Buck Rogers (1939)
5/10
Entertaining but weaker than the "Flash Gordon" franchise
23 August 2007
I can't help comparing this 1939 serial to "Flash Gordon" (1936) and "Flash Gordon Conquers the Universe" (1940). Although some of the special effects (the ray guns and fleets of spaceships) are superior, "Buck Rogers" is less fun. It's not the fault of Buster Crabbe, who invests Rogers with the same heroic energy he gave to Gordon. And Jackie Moran shines as sidekick Buddy Wade (in the newspaper strip he was Buddy Deering, Wilma's younger brother). But the other actors fall short. So does the story and pacing.

Anthony Wade's Killer Kane is a colorless villain, lacking the panache of Charles Middleton's gleefully evil Ming the Merciless.
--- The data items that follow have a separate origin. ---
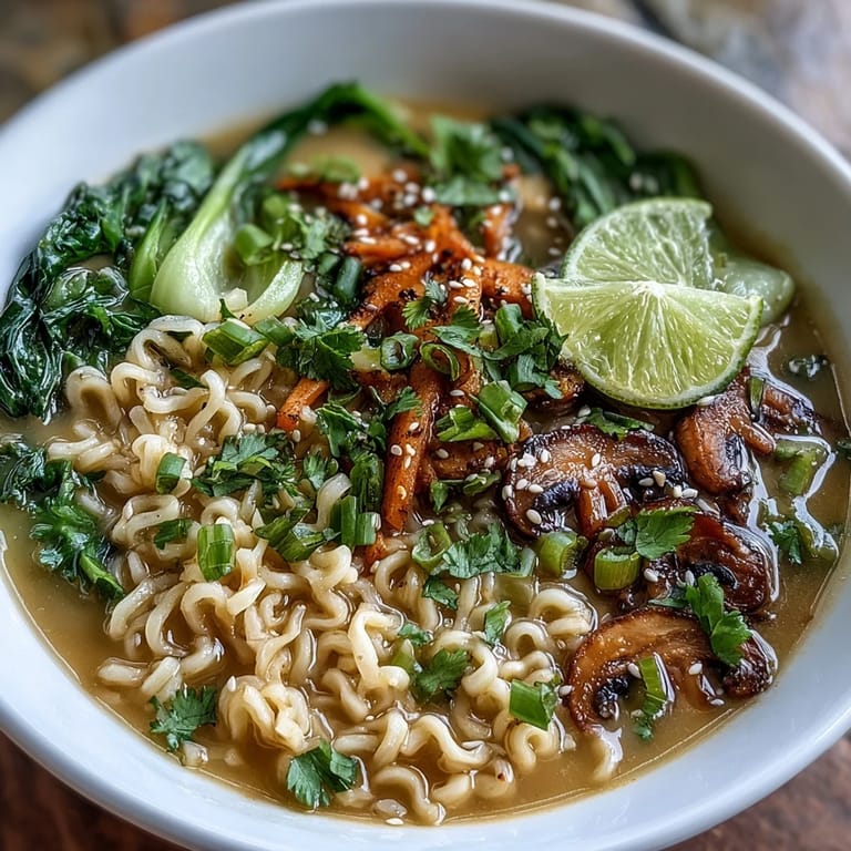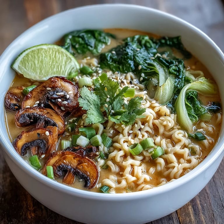 Save to Pinterest On a drizzly Tuesday night, my friend texted asking if I could whip up something warm and vegan for her surprise dinner party. I rummaged through my pantry and realized I had everything for this coconut curry ramen, and honestly, it felt like the universe was helping. That bowl changed everything about how I cook for others now, because watching someone's face light up when they taste that first spoonful of creamy, spiced broth is something I chase in the kitchen constantly. The way the coconut milk swirls into those curry spices still makes me smile.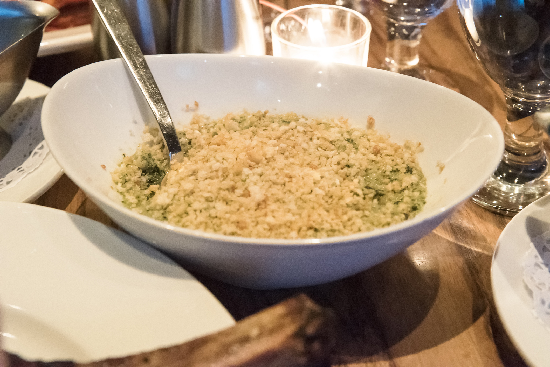 When we sat down, the restaurant was largely empty, but we were put at a small table right next to another couple. That kinda stinks. I guess we could have asked for a different spot, but I don’t like being an annoying customer. Other than that, service was excellent, our waiter was perfect, and the manager was really polite and even waited on us when we were sitting at the bar along the windows before dinner. Oh yeah – the bread. There was a nice selection to choose from: pumpernickel, pretzel, seven grain, and more. The only issue is they were not warm and toasty, but the soft, whipped butter was delicious.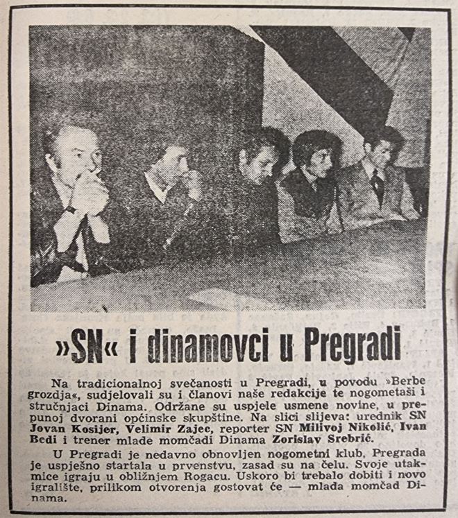 Uoči nedjeljne promocije svoje biografije u Pregradi, jedna od najvećih legendi Dinama, Velimir Zajec na svojem je Facebooku objavila fotografiju od prije 45 godina u istoj prostoriji, Gradskoj vijećnici Pregrade.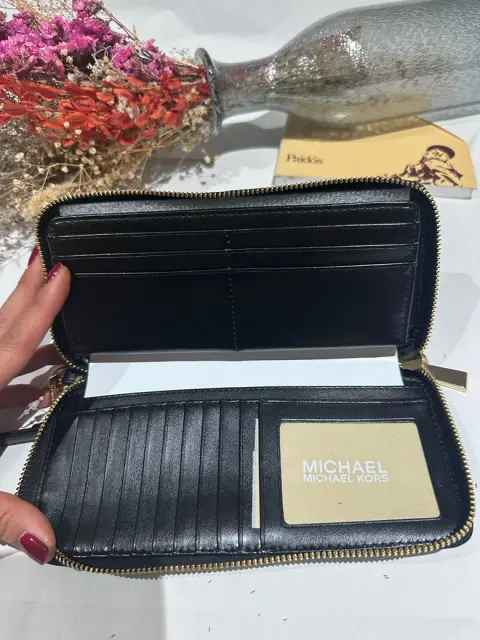 Cartera en piel con holograma MK. Hermosa cartera con holograma de la marca y en piel por dentro. Incluye 18 apartados por dentro 2 para billetes y uno para monedas. Es muy práctica para uso diario. Medidas; Ancho 24 cmAlto 16 cmProfundo 5.5 cm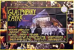 Glastonbury Fayre is a 1972 documentary film directed by Peter Neal and Nicolas Roeg.[1] It covers the 1971 Glastonbury Festival (then known as the Glastonbury Fayre) which took place on 20 to 24 June 1971 in rural Somerset in England.[2] It was released in May 1972.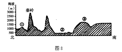 4、单选题 图8为沿106.5°E我国局部地形剖面图,分析回答38—40题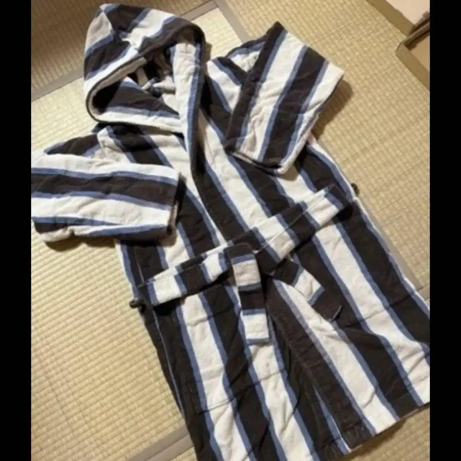 TEKLA 후드 부착 스트라이프 목욕 가운

He badly needs a slinky, sinister Ardala Valmar to spice things up. Constance Moore is a competent Wilma Deering but there's no chemistry between her and Crabbe. Moore lacks the passion Jean Rogers exhibited as Dale Arden in the "Flash" series or the breezy camaraderie Erin Gray displayed as Wilma Deering in the 1980s "Buck Rogers" television show. C. Montague Shaw is OK as Doctor Huer but doesn't have nearly as much to do as Frank Shannon's Doctor Zarkov (again, from the "Flash" serials).

After an exciting start, the serial falls down in the latter six episodes. It is typical of the genre to have a late episode replay scenes from earlier in the series to pad things out. But "Buck Rogers" does this twice. Serial plots also tend to have a lot of captures, escapes, and re-captures. "Flash Gordon" broke the monotony by having these occur in a variety of ways in a variety of locations. "Buck Rogers" has only two destinations: Earth and Saturn. Both planets apparently share the same rocky desert terrain. Doctor Huer has only one technological gimmick to help Buck. The heroes get stranded by crashed spaceships seemingly every other episode. And Kane's goons never tumble to the fact that it's Rogers driving that rocket cruiser reported missing from their hangar.

Given it's charismatic hero and quality special effects, "Buck Rogers" could have equaled or surpassed "Flash Gordon" if it had had stronger writing or more energetic secondary characters. Unfortunately, it has neither.